Shajarian’s vocal gift transcends language
The voice curls, swoops, and soars. It arches skyward, then plunges thrillingly. It curves through radiant arabesques, before hitting a single note so true that one’s whole being shivers in recognition. The singer caresses each phrase as an inspired jazz vocalist would, and yet his approach is as controlled as the greatest operatic tenor’s. He is, in short, among the world’s finest performers—and yet he’s almost unknown beyond his native land and the pockets of his compatriots that, dispossessed by revolution, have scattered around the world.
This may be about to change. A talent as vast as Mohammad Reza Shajarian’s cannot stay undiscovered for long, and when the Iranian master comes to the Orpheum on Sunday (May 4), it’s likely that there’ll be more than a few in the crowd who don’t speak Farsi. His is a voice, after all, that transcends language.
Still, when the Straight reaches Shajarian at home in Tehran, communication is not always easy. We’re at the North Vancouver home of master musician Hossein Behroozinia, hovering over a crackly speakerphone. My questions are being rephrased in Farsi by Behroozinia’s son Houman, who then translates Shajarian’s answers. The process is laborious and mildly nerve-racking.
Perhaps it would be better just to listen to him sing.

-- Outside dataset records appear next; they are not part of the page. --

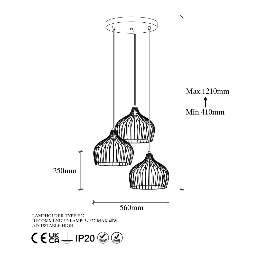 - Socket type: 3 x E27 max 40 W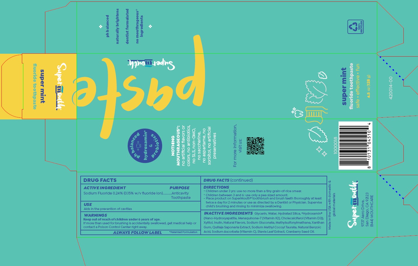 Super Mint by is a Otc medication manufactured, distributed, or labeled by SuperMouth, LLC.. Drug facts, warnings, and ingredients follow.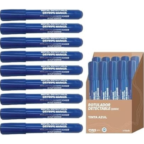 Maya Professional Tools q0800 – 2/2 Marker Detectable per of metals and X-ray, Pack of 10, Blue Body, Blue Ink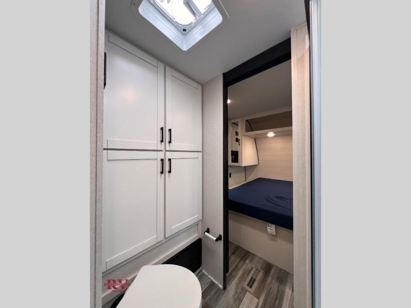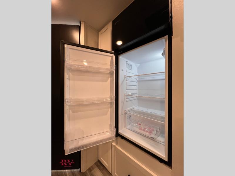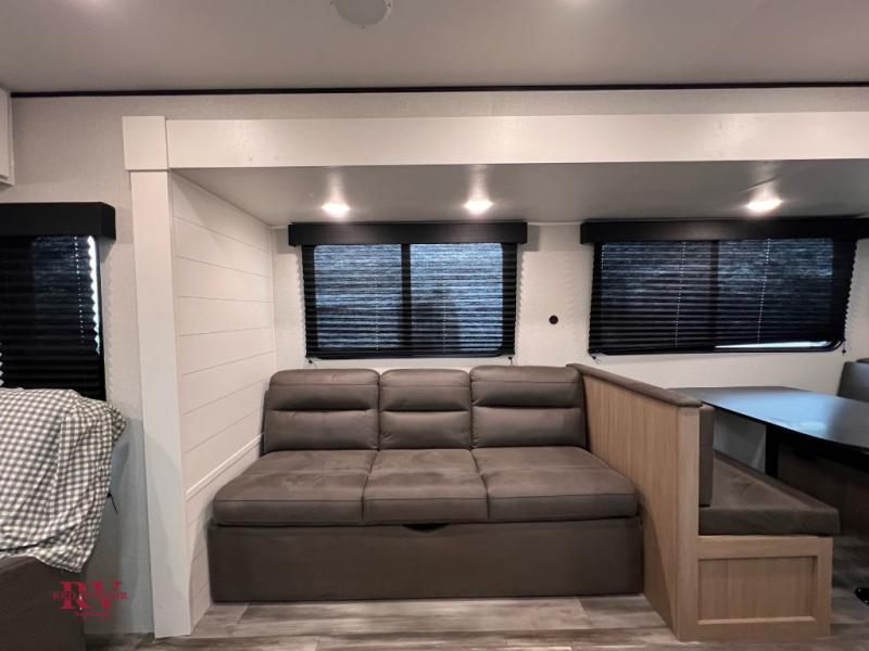 You can comfortably sleep up to six people in this trailer thanks to the RV queen bed in the front bedroom, plus the booth dinette and jack-knife sofa in the main living area! The chef of your crew will have a three burner cooktop and microwave oven to prepare meals, and everyone can store their favorite drinks in the 8 cu. ft. 12V refrigerator. The walk-through bath is spacious and includes a radius shower, toilet, a sink, and linen closet and is the full width of the unit. The outside storage will let you bring along camp chairs and games, fishing poles and more, plus the 18' power awning with LED lights will create a nice place to gather in the evenings!

Shajarian agrees. He stresses that he doesn’t perform anything frivolous. If he’s not singing the lyrics of such Sufi masters as Rumi, Hafez, and Saadi, he’s interpreting the works of contemporary Iranian poets.

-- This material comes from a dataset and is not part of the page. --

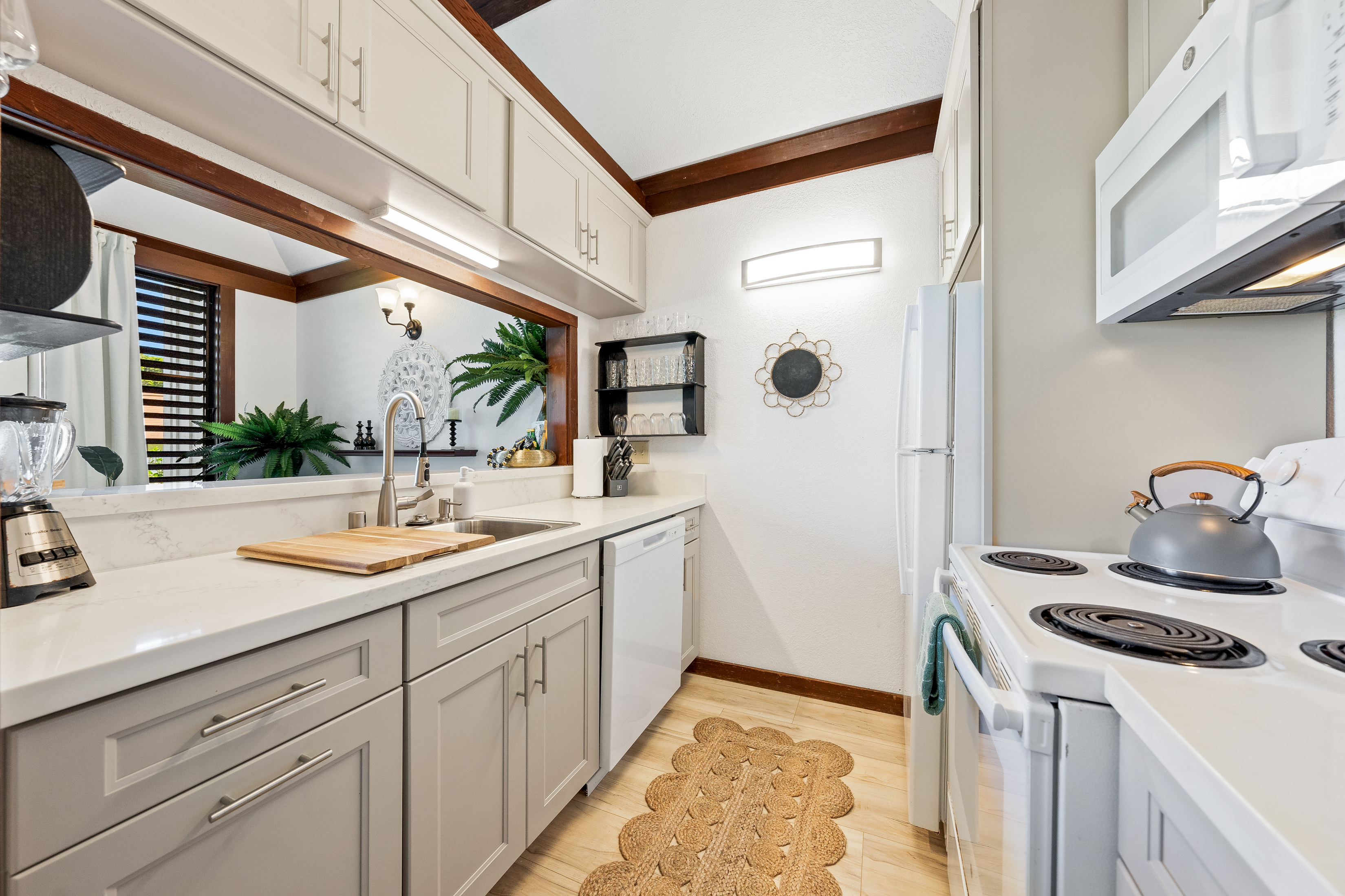 This is a leasehold property. Completely renovated ground-floor condo in one of the most captivating places on earth. With its breathtaking beauty and laid-back lifestyle, few destinations compare to Kauai. This desirable ground-floor unit offers direct access from the private lanai to a lush, manicured lawn–perfect for indoor-outdoor living. Enjoy meals on the lanai, open the windows for fresh island breezes, or relax in the bright one-bedroom featuring a king-size bed and abundant natural light. Air conditioning keeps the space comfortable during warm south shore summers. Beautifully furnished and truly turnkey, the condo features a fully equipped kitchen with full-size appliances and recent updates including fresh paint, updated flooring, cabinetry, countertops, and fixtures. A short stroll across expansive grounds leads to resort amenities, including a pristine swimming beach. HOA dues cover access to the pool, gym, on-site restaurant, poolside food and beverage service, towel service, 24-hour security, parking, utilities, and more. Ideal as a personal island retreat or a successful vacation rental. Fully furnished and future bookings may be included, creating a seamless turnkey opportunity.

“Sometimes you don’t even have to understand the lyrics, you just have to understand the voice,” he says.
Still, literature is a key component of what Shajarian does—whether on-stage with Behroozinia and the Ava Ensemble or practising his other art, calligraphy. In both of his chosen media, the trick is to give the word physical form, and this Shajarian does with uncommon skill. And in both, the aim is to draw out the hidden nuances of a poem or lyric, often by repeating it with subtle changes of emphasis. The process requires confidence, virtuosity, and a deep understanding of the fundamentals.
Those are the qualities that make Shajarian an Iranian national treasure, explains Hossein Behroozinia, once the master singer is off the phone.
“Shajarian is special for all Iranians, especially musicians,” he says. “He knows everything about the Persian repertoire, and he knows everything about Iranian poetry. That’s why the people of Iran know him as a legendary singer.”
Behroozinia is something of a treasure himself. Although still underappreciated in Canada, which has been his home for almost a decade, he’s among the most forward-thinking composers in Iranian music. In addition to helping assemble the Ava Ensemble, he was a cofounder of the acclaimed Dastan Ensemble, has collaborated with poets Coleman Barks and Robert Bly, and is preparing a symphonic work for the Lií¨ge Philharmonic Orchestra in Belgium. He’s also single-handedly responsible for rescuing the barbat, the ancient Persian ancestor of the oud, lute, and guitar, from near
extinction.
“With this instrument, because the neck is short, it’s difficult,” he explains, “but you can have more vibration.” And in the company of Shajarian, along with the singer’s son Homayoun on percussion and three other Iranian virtuosos, those vibrations will be not just good, but great.